Samir Zekiqi

No. 21 – Vëllaznimi
- Position: Forward
- League: Kosovo Superleague

Personal information
- Born: 23 January 1995 (age 31) Kosovska Mitrovica, FR Yugoslavia (present-day Mitrovica, Kosovo)
- Listed height: 6 ft 8 in (2.03 m)
- Listed weight: 215.6 lb (98 kg)

Career information
- College: Karşıyaka Yamanlar College (2011)
- NBA draft: 2018: undrafted
- Playing career: 2012–present

Career history
- 2012: Trepça
- 2012–2014: RTV21
- 2014–2015: Trepça
- 2015–2016: Peja
- 2016–2017: Trepça
- 2017: Bashkimi
- 2017–2019: Trepça
- 2019–2021: Ylli
- 2021–2022: Trepça
- 2022–2023: Peja
- 2023–2025: Bashkimi
- 2025–present: Vëllaznimi

Career highlights
- 2x Kosovo Superleague: (2021, 2023); 2x Kosovo Cup winner (2015, 2022); Liga Unike champion (2021); Kosovo Superleague top scorer: (2018); Rookie of the Kosovo Superleague: (2016);

= Samir Zekiqi =

Kosovan basketball player

Samir Zekiqi (born 23 January 1995) is a Kosovan professional basketball player for Vëllaznimi of the Kosovo Superleague.
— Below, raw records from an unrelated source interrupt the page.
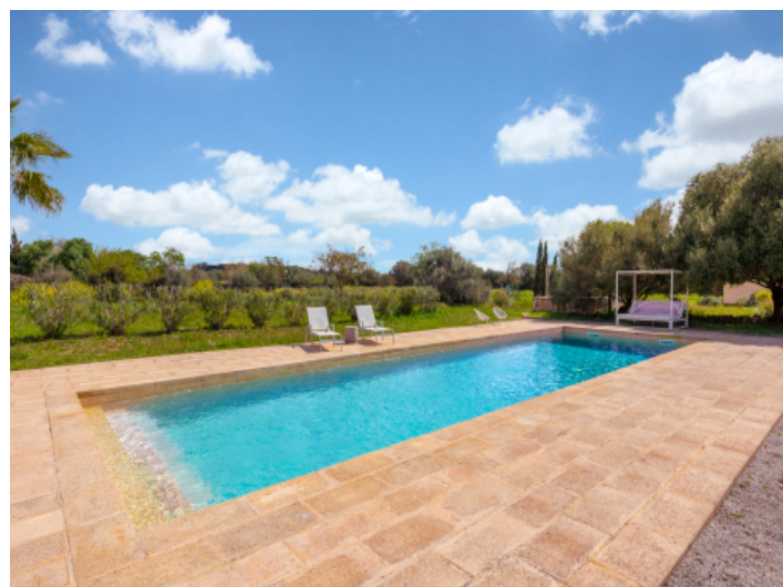
Pool with stair entrance
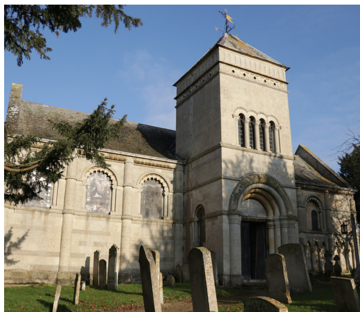
The Church of St Peter, Tickencote, Rutland

The church is now open and can be enjoyed by all. It is cared for greatly by the local community in the village of Tickencote and hosts a small library inside the church. St Peter's attracts, and will continue to attract, visitors from all over because of its rare and beautiful Norman architecture. It is a favourite for groups to visit, including Leicester Cathedral walking group.
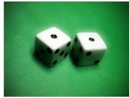
two dice dices
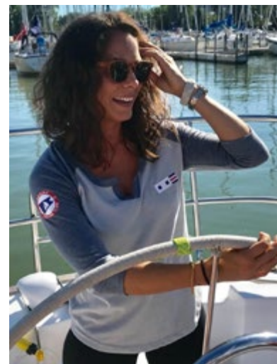
Women's Vintage T-Shirt – Extra Sporty, ¾ Length Sleeves Silver Body with Soft Navy Detail, Curved Shirrtail Hem for Graceful Fit 50/50 Cotton/Polyester SSC Flags on Left Chest, SSC Logo on Right Upper Arm Sizes: Small to X-Large Price: $20.00
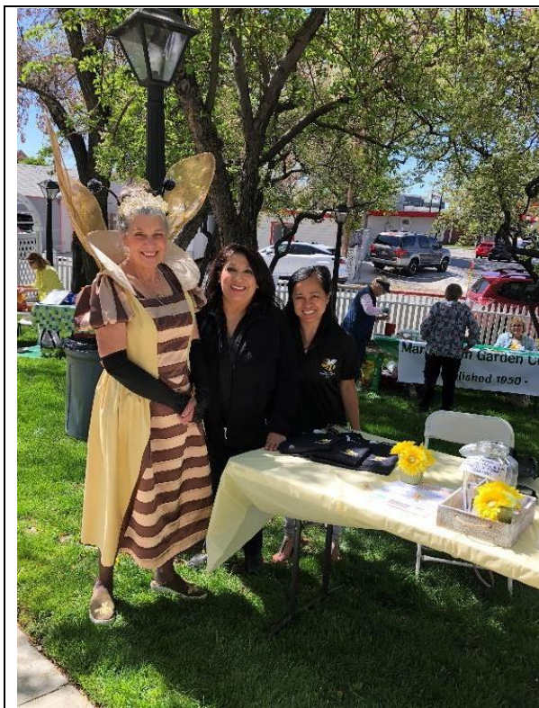
Great Basin Beekeepers of Nevada and Chamber Leadership group.

2019 Earth Day was co-sponsored by the Great Basin Beekeepers of Nevada and the Carson City Historical Society and held the theme "Celebrating Pollinators" to teach residents about our recent Bee City designation, as well as pollinator conservation practices. The day also featured guest speakers who spoke about Integrated Pest Management and chemical reduction strategies, planting for pollinators and climate change impacts to pollinator conservation.
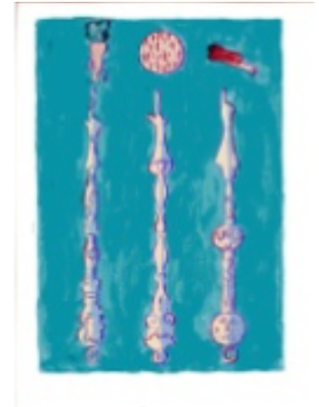
Pesach, Matzah, Maror
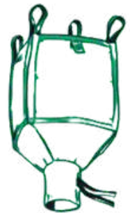
CONICAL DISCHARGE SPOUT
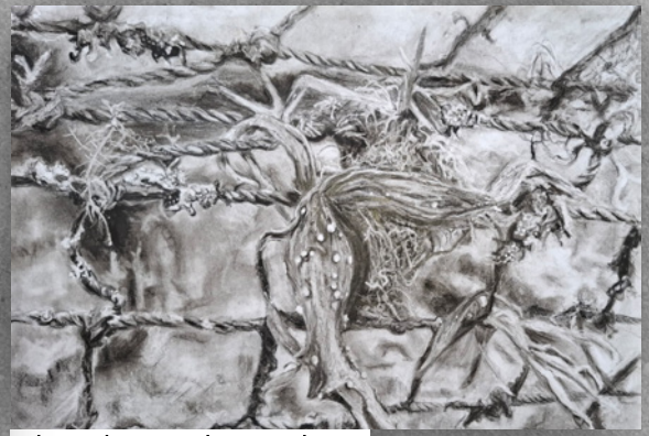
Abigail Fair, Charcoal A3
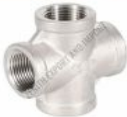
Cast Iron Threaded Cross

He is part of the Kosovo national team.

==Early life and college career==
Born in Mitrovicë, Zekiqi started his youth career for Trepça. In the beginning of 2011, he became part of Maliye Milli. Later he became part of the Karşıyaka Yamanlar College where his teammates were Egemen Güven, Hüseyin Nuriler and many others.

==Professional career==
===Trepça (2016–2017)===
On October 4, 2016, Zekiqi signed for Trepça of the Kosovo Superleague and BIBL. Zekiqi averaged 16.4 points per game in the 2016–17 Kosovo Superleague season and 8.4 points per game in the 2016–17 Balkan League season.

===Ylli (2019–2021)===
On August 19, 2019, Zekiqi signed for Ylli of the Kosovo Superleague.

===Peja (2022–2023)===
On 6 December, 2022, Zekiqi signed for Peja of the Kosovo Superleague, Liga Unike and BIBL.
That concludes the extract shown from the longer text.